Materials and Methods
Ethical considerations and study design
This observational study was conducted in accordance with institutional research governance requirements and applicable ethical standards for research involving human data. Ethical approval for this study was obtained from the Ethics Committee of Heilongjiang University of Chinese Medicine (Ethics No. YJSKY2024-194) before data access and analysis. The study used routinely acquired clinical imaging and outcome data collected as part of standard oncologic care and was designed to evaluate imaging-derived theranostic heterogeneity, voxel-level absorbed dose distribution, planning performance, and treatment response in cervical carcinoma.
Patient cohort and clinical variables
Thirty-five patients with histologically confirmed cervical carcinoma were included. Response status was available for all patients and classified them as responders (n = 20) or nonresponders (n = 15) on the basis of post-treatment clinical and imaging assessment. Recorded clinicopathological variables included age, International Federation of Gynecology and Obstetrics stage, histological subtype, primary tumor size, and nodal involvement. Baseline theranostic imaging parameters were extracted at the lesion level, and an integrated theranostic score was generated for each patient.

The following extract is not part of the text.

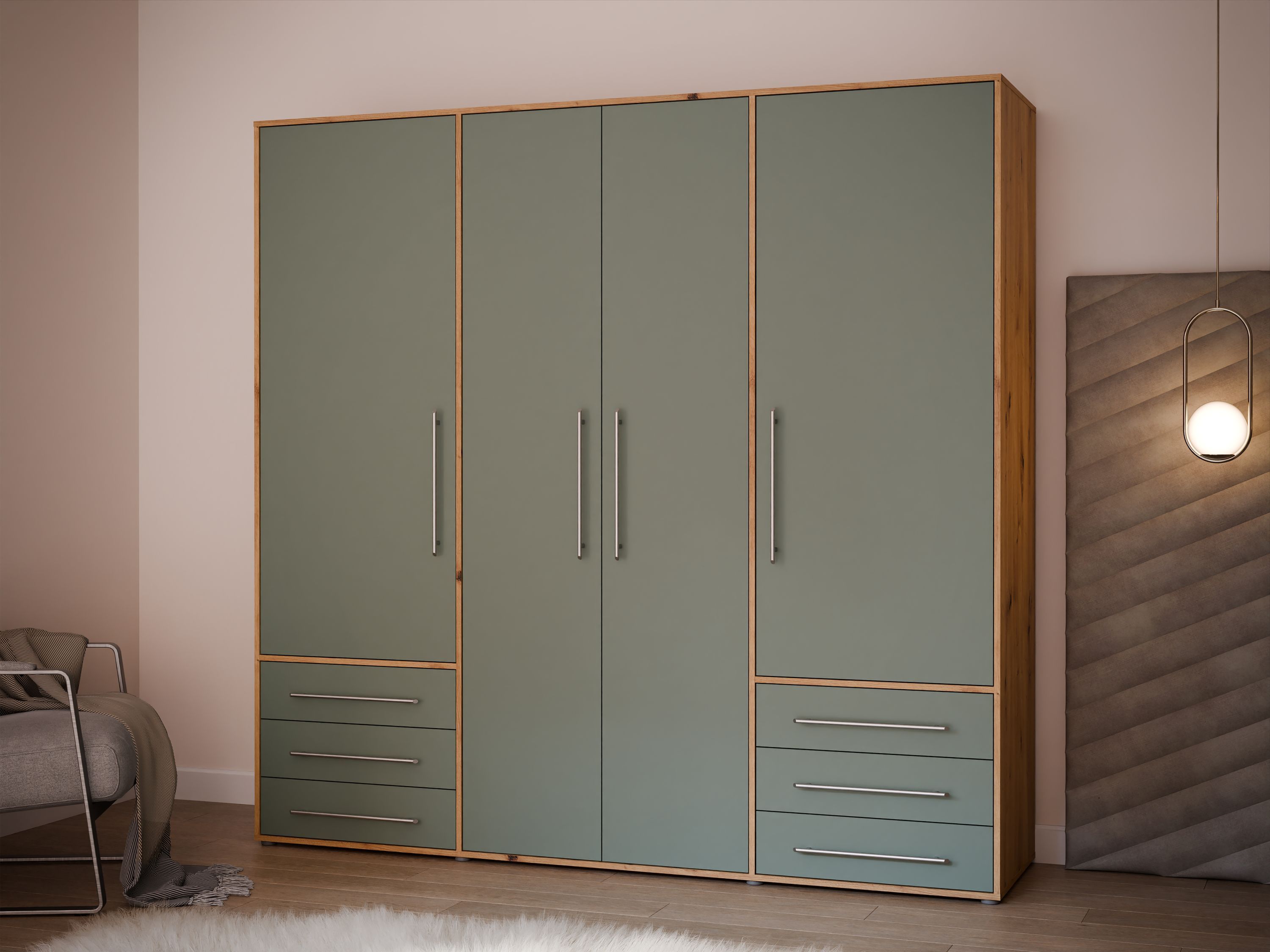 Armoire de chambre - MOKKARO - Décor Vert Sauge et chêne - 4 portes battantes - 6 tiroirs - L2059 x P53 x H200 cm

Imaging acquisition and lesion delineation
Baseline radionuclide theranostic imaging was performed using standardized hybrid functional–anatomical imaging under quantitative acquisition and reconstruction conditions. Radiopharmaceutical nomenclature followed consensus recommendations for radiopharmaceutical reporting. 9 Image acquisition, reconstruction, and quantitative interpretation were performed according to the established principles for quantitative tumor imaging and standardized uptake assessment. 10 Primary tumor volumes were delineated on fused anatomical–functional images, with contour review performed to ensure consistent tumor definition and exclusion of adjacent physiological activity. Although standardized delineation procedures and review were applied, it is acknowledged that interobserver variability in tumor contouring may influence voxel-level feature extraction and derived heterogeneity metrics. Future work incorporating consensus segmentation protocols and reproducibility assessment will be important to ensure robustness of theranostic feature quantification.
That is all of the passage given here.